Any input would be great! Thanks in advance!

Midpack 11-22-2015 06:51 PM

Welcome aboard. You're not late, many here started later and retired early successful. And there are a lot of unavoidable expenses in your 20's while you're getting established. To retire in 18 years or less, you'll have save a lot, spend less in retirement or both. The same trade off everyone faces...

Nodak 11-22-2015 08:19 PM

Welcome. I started a couple of years later than you.

growerVon 11-22-2015 09:37 PM

Welcome to the board, Pizza! You'll find lots of great threads and topics here. For some structured guidance, check out the Bogleheads wiki: https://www.bogleheads.org/wiki/Bogl...ent_philosophy

Cheers!

jerome len 11-23-2015 07:13 AM

Do you have a 401k available? If not you should start a IRA. Go cheap and learn how to manage your own money.....look at ETF and index funds..... the cost of others managing your money comes directly out of your pocket. Vanguard is where I would start.....get some education....you need to learn a balance between stocks and bonds. It's all on the internet.....someone suggested Bogle......do it. After you have saved during the next year or two, your options, having 35k will be far better. Just save....save.....learn.....and you'll accomplish your goals.

Katiek 11-23-2015 09:00 AM

Welcome! I echo the advice from people earlier in the thread - watch the fees on your investments carefully. Over decades, even a small fee difference can really add up.

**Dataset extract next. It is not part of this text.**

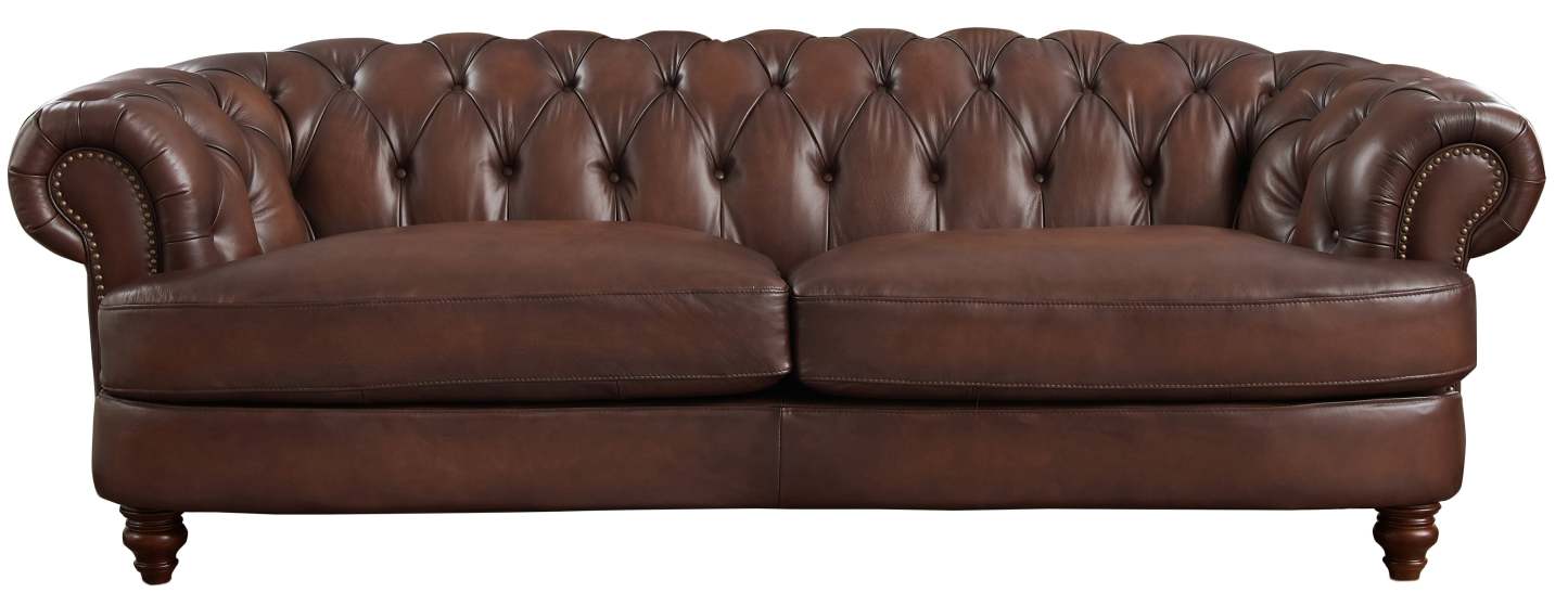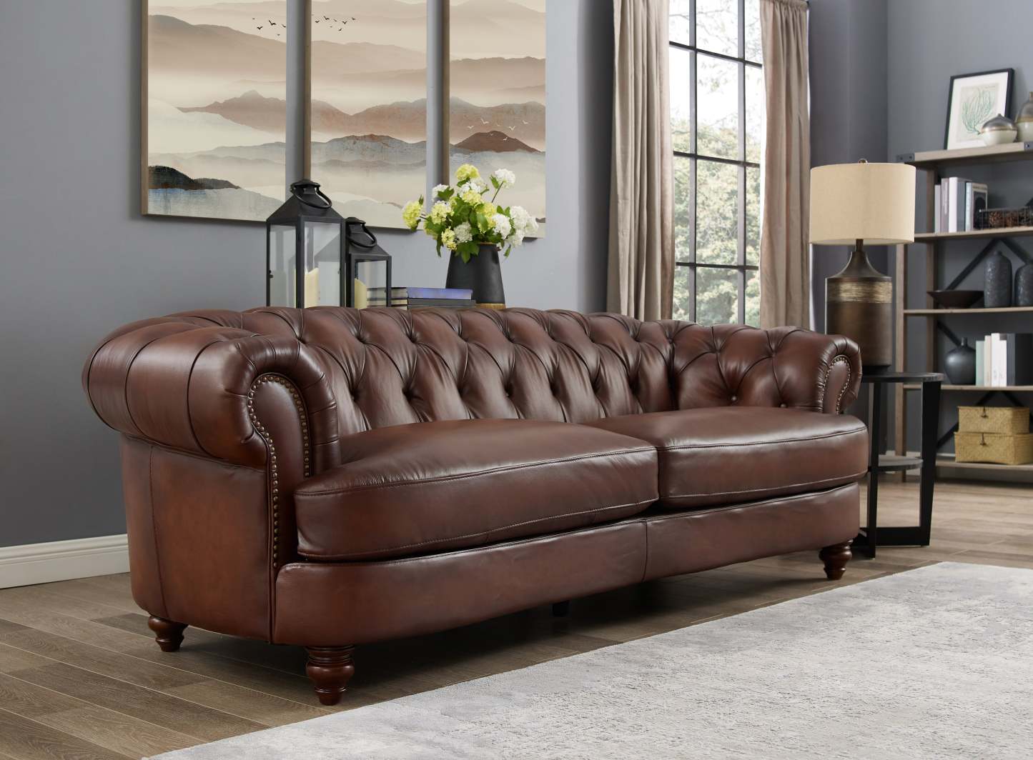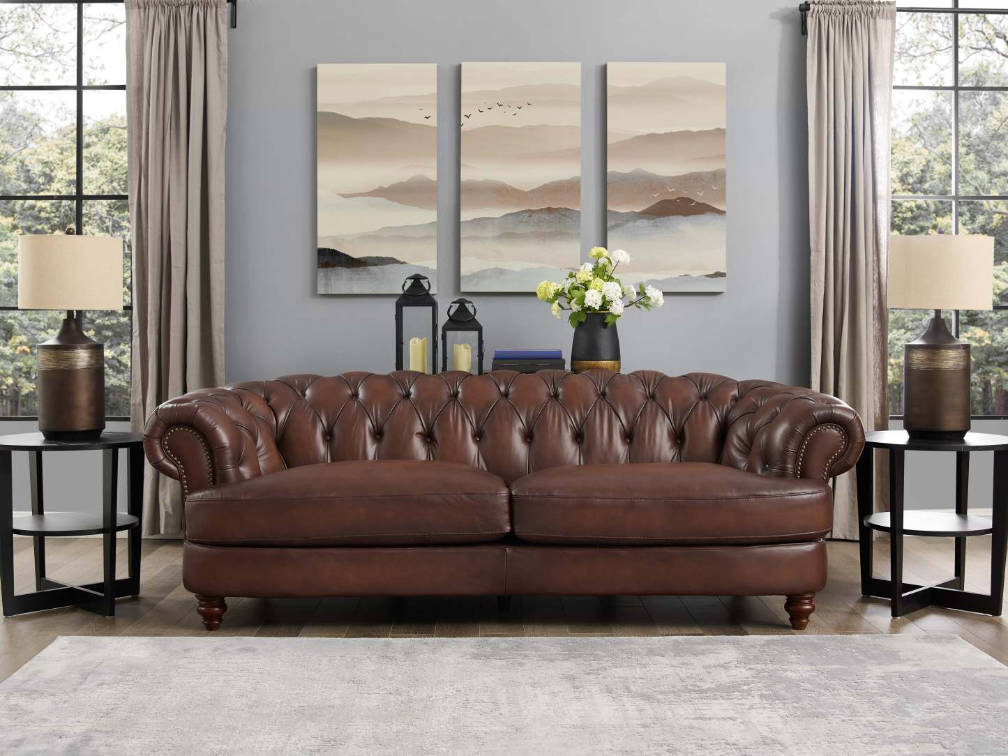 Le rail avant en forme de serpent, la garniture en clous en bronze appliquée à la main et les pieds en bois massif tournés ajoutent la touche finale parfaite à la collection de cuir Newport Top Grain. Le cuir luxueux de couleur marron foncé à plusieurs tons présente une subtile variation de zones claires et sombres, donnant au Brixton un attrait poli et accueillant.

Walt34 11-23-2015 03:37 PM

Welcome!

Suggested reading:

Millionaire Teacher by Andrew Hallam

A Random Walk Down Wall Street by Burton G. Malkiel

Your Money & Your Brain by Jason Zweig

The Millionaire Next Door by Thomas J. Stanley and William D. Danko It is a bit dated but it is a classic for a reason.

Predictably Irrational by Dan Ariel

How a Second Grader Beats Wall Street by Alan S. Roth

Suggest you start with Millionaire Teacher and How a Second Grader Beats Wall Street. Both are great for new investors and emphasize the importance of keeping fees low over time. That makes a huge difference in what you get to keep.

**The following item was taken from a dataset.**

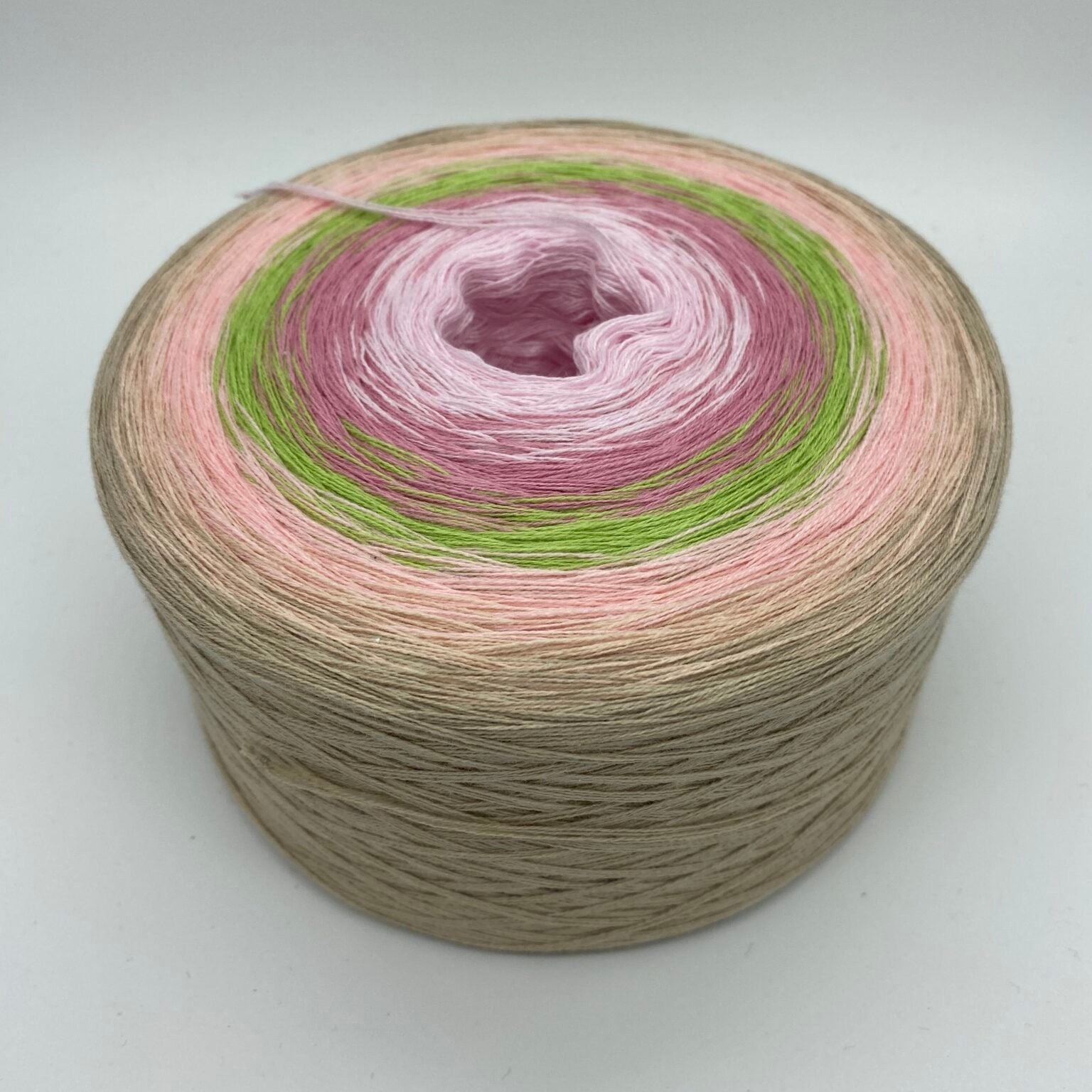 Der Bobbel „Frühlingserwachen“ entfaltet sich in einem sanften Verlauf von Baby Rosa, Anemone, Blattgrün, Rosé, Peach und endet in einem zarten Alabaster – wie die ersten Blumen, die nach einem langen Winter zu blühen beginnen. Frisch, lebendig und voller Hoffnung.

If you don't do anything else then at least open a target date fund at Vanguard and contribute a lot regularly.

Davis65 11-23-2015 05:06 PM

The best time to plant a tree is ten years ago.

The second best time is today.

hnzw_rui 11-23-2015 07:18 PM

Since you're self-employed, aside from the IRA, I believe you're also eligible for a Solo 401k. That should allow you to shelter more pre-tax dollars.

Since you plan to retire in your 40s, don't forget to save a significant chunk in taxable accounts and maybe Roth, too.

PizzaMoney 11-26-2015 11:52 PM

Thanks so much for all the positive comments & tips! I'm excited for this journey and excited to watch others do the same. Thanks again!